*** Excerpted records Section Begins ***
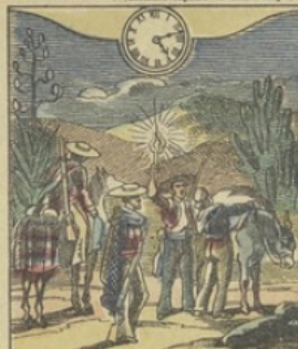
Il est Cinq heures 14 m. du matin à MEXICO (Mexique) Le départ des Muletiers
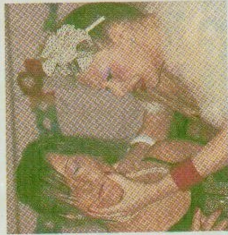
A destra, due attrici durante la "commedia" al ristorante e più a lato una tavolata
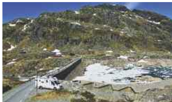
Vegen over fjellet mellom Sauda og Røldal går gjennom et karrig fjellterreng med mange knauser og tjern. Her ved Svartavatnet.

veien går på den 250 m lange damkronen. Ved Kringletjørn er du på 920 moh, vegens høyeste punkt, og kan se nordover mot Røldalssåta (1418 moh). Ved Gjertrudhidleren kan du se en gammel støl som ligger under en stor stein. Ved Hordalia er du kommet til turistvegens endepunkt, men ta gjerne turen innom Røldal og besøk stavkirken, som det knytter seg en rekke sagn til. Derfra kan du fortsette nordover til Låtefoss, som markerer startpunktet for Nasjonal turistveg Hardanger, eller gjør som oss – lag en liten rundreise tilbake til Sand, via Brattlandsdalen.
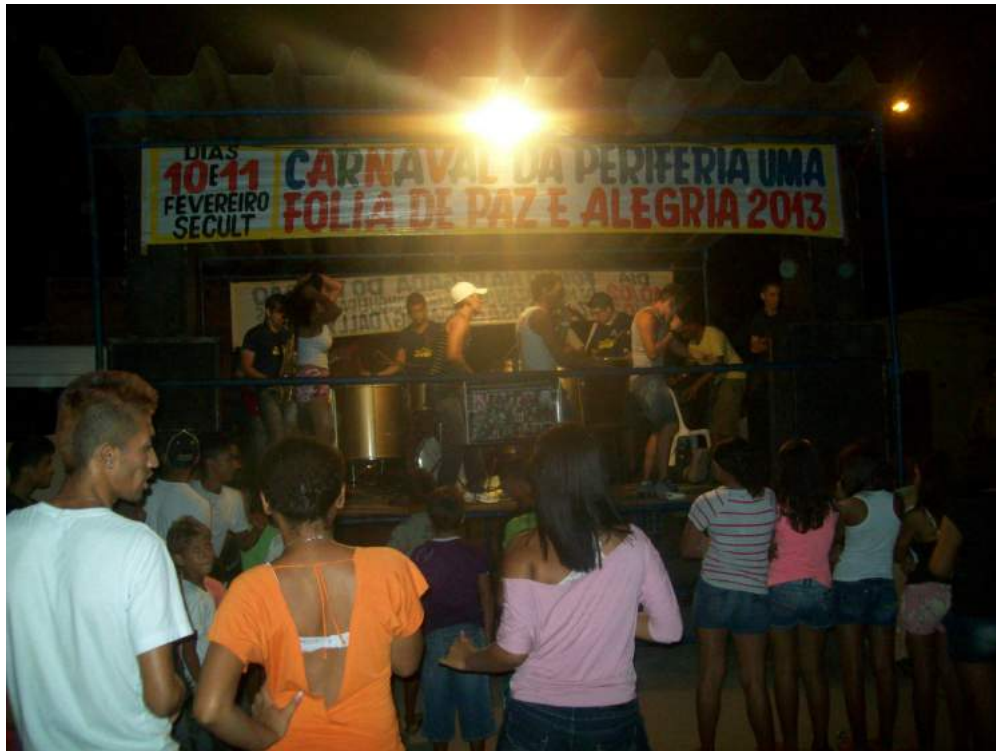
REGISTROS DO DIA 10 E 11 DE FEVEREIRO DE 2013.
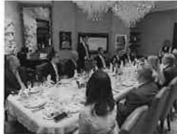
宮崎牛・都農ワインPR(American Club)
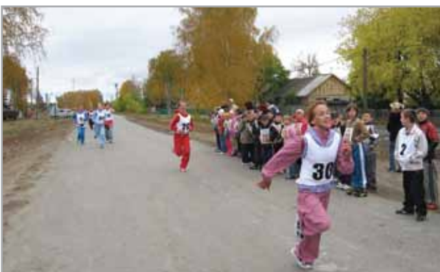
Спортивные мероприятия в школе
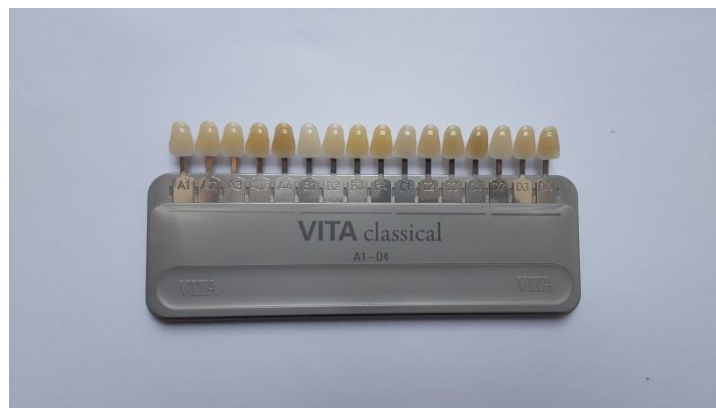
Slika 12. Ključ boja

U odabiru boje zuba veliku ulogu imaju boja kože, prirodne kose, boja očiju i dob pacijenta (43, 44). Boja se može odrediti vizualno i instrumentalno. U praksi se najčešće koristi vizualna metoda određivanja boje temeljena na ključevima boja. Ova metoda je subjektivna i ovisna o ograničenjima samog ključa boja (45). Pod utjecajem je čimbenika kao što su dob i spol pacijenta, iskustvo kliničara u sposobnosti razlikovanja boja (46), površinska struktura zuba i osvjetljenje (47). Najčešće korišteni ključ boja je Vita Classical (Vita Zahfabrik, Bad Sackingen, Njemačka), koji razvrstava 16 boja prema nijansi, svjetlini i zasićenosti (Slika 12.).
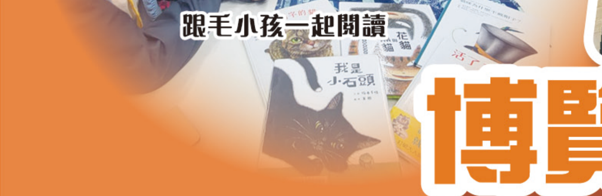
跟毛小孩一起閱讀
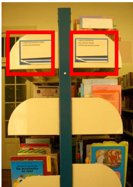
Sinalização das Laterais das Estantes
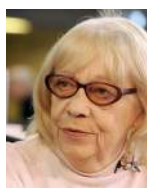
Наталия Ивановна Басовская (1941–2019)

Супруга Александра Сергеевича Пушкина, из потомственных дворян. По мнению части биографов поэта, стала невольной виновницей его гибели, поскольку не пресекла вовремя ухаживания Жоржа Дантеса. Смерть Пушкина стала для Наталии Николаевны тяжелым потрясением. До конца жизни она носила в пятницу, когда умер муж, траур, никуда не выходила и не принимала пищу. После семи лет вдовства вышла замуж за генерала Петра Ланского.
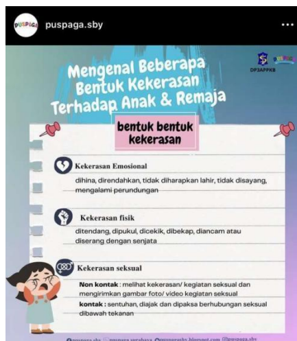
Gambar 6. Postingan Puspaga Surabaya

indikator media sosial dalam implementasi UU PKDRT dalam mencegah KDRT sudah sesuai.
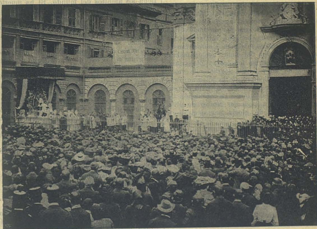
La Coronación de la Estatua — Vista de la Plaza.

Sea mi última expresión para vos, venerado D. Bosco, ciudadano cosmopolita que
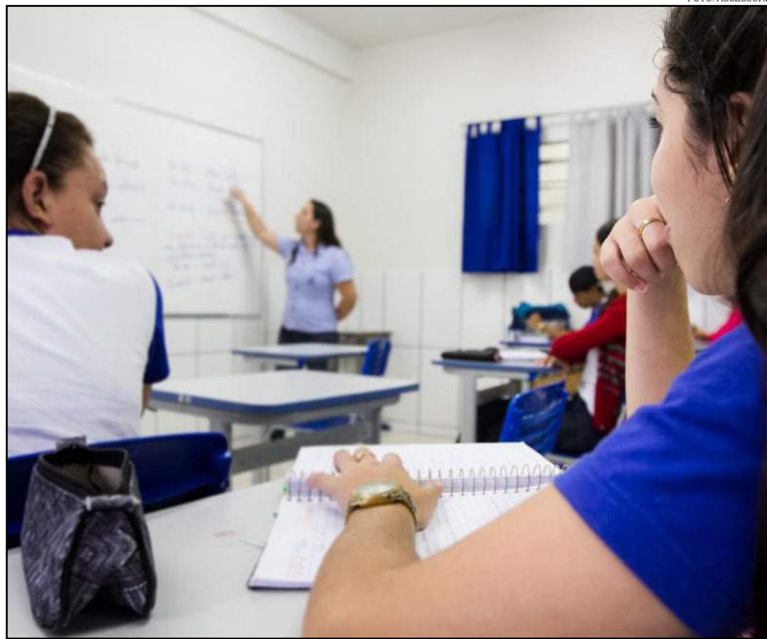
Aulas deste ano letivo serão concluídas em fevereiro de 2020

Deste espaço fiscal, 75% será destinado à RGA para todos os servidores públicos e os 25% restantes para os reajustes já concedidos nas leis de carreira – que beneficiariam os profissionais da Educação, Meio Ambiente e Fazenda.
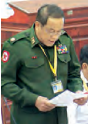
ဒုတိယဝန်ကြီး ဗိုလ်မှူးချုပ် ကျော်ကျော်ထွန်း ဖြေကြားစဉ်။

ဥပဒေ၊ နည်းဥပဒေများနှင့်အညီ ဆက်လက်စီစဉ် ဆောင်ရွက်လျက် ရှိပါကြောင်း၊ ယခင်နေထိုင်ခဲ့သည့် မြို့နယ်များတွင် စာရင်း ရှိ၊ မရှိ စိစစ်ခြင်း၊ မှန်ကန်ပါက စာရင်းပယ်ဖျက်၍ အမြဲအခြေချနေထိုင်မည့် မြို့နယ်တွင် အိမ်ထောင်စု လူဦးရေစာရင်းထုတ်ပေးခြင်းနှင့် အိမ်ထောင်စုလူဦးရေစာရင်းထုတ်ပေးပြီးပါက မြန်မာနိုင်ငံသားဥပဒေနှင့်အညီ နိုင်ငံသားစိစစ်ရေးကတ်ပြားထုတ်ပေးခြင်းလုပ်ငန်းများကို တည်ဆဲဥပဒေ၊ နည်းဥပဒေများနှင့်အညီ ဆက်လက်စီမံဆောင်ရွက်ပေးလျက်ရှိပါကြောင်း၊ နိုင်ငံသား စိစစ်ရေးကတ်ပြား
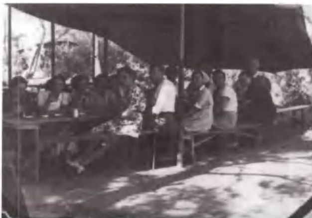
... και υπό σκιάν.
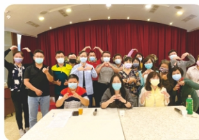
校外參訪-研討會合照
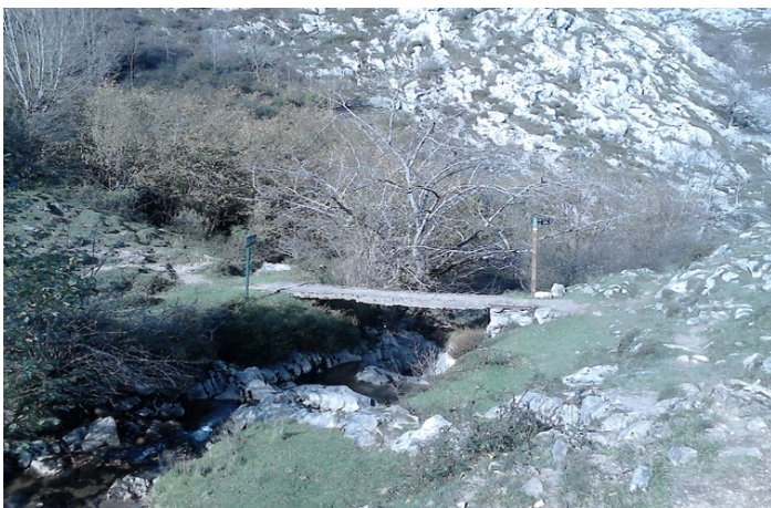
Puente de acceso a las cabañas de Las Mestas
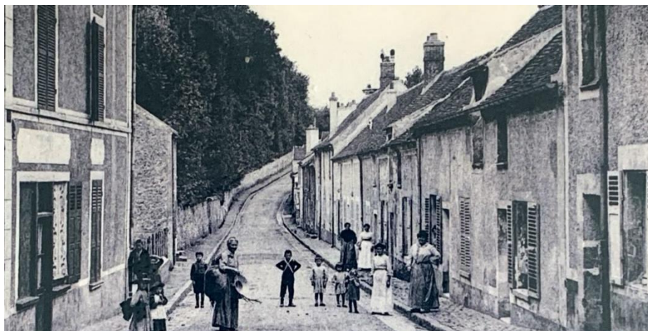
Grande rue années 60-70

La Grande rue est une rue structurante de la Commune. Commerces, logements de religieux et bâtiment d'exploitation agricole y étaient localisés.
*** Excerpted records Section Ends ***
*** Excerpted records Section Begins ***
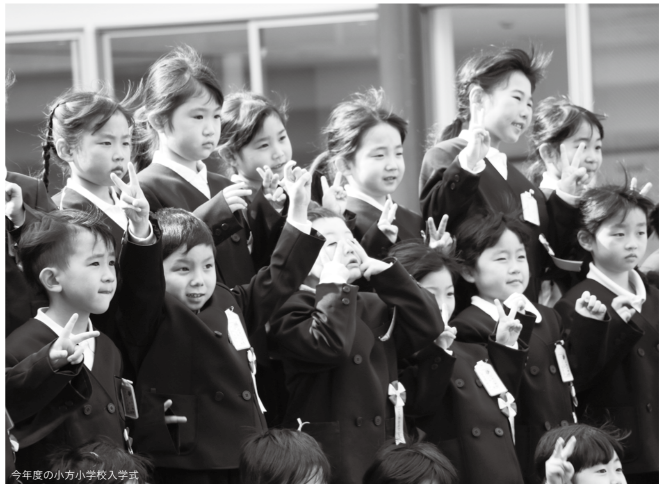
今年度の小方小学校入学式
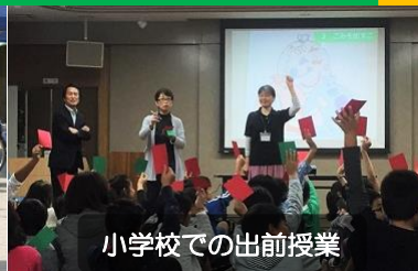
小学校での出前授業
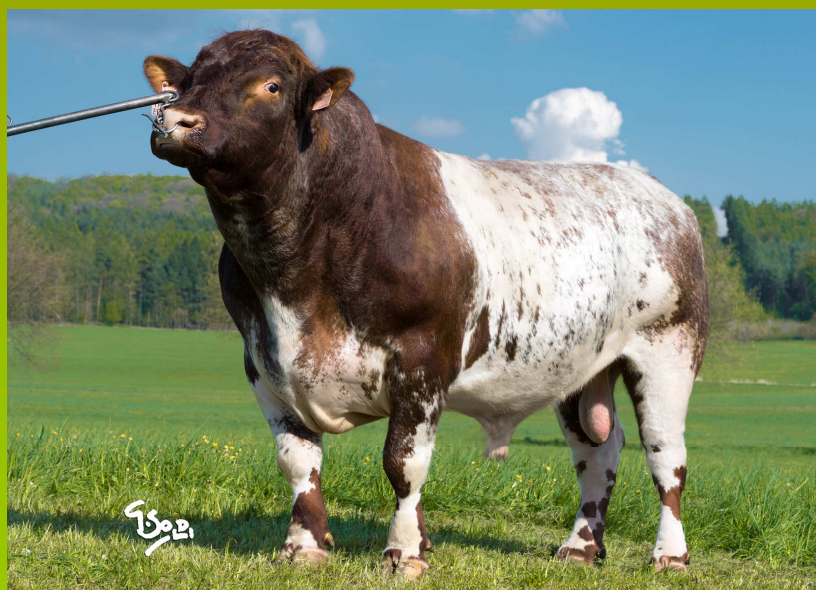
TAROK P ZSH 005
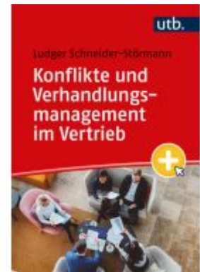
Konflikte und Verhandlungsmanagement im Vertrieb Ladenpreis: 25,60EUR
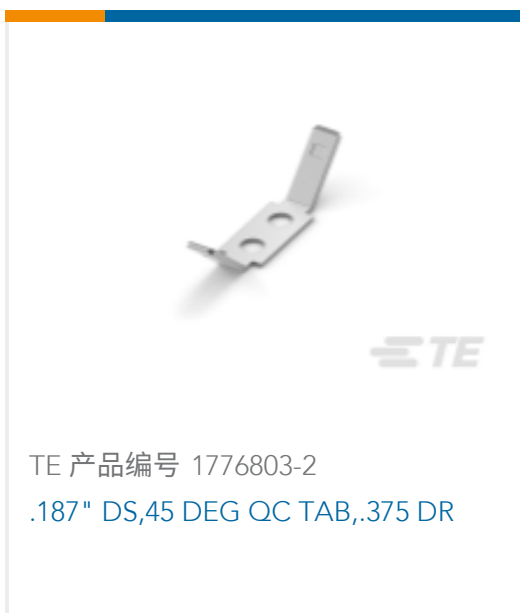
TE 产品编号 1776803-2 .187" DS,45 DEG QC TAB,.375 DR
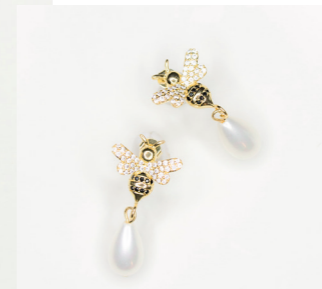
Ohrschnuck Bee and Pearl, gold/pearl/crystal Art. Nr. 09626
*** Excerpted records Section Ends ***
__What you have to do__
Go back to the lines above and output, exactly as they stand, the ones from the line containing "Il est Cinq" to the line containing "Slika 12. Ključ boja". Leave all pictures behind.

__Task solution__
Il est Cinq heures 14 m. du matin à MEXICO (Mexique) Le départ des Muletiers
A destra, due attrici durante la "commedia" al ristorante e più a lato una tavolata
Vegen over fjellet mellom Sauda og Røldal går gjennom et karrig fjellterreng med mange knauser og tjern. Her ved Svartavatnet.

veien går på den 250 m lange damkronen. Ved Kringletjørn er du på 920 moh, vegens høyeste punkt, og kan se nordover mot Røldalssåta (1418 moh). Ved Gjertrudhidleren kan du se en gammel støl som ligger under en stor stein. Ved Hordalia er du kommet til turistvegens endepunkt, men ta gjerne turen innom Røldal og besøk stavkirken, som det knytter seg en rekke sagn til. Derfra kan du fortsette nordover til Låtefoss, som markerer startpunktet for Nasjonal turistveg Hardanger, eller gjør som oss – lag en liten rundreise tilbake til Sand, via Brattlandsdalen.
REGISTROS DO DIA 10 E 11 DE FEVEREIRO DE 2013.
宮崎牛・都農ワインPR(American Club)
Спортивные мероприятия в школе
Slika 12. Ključ boja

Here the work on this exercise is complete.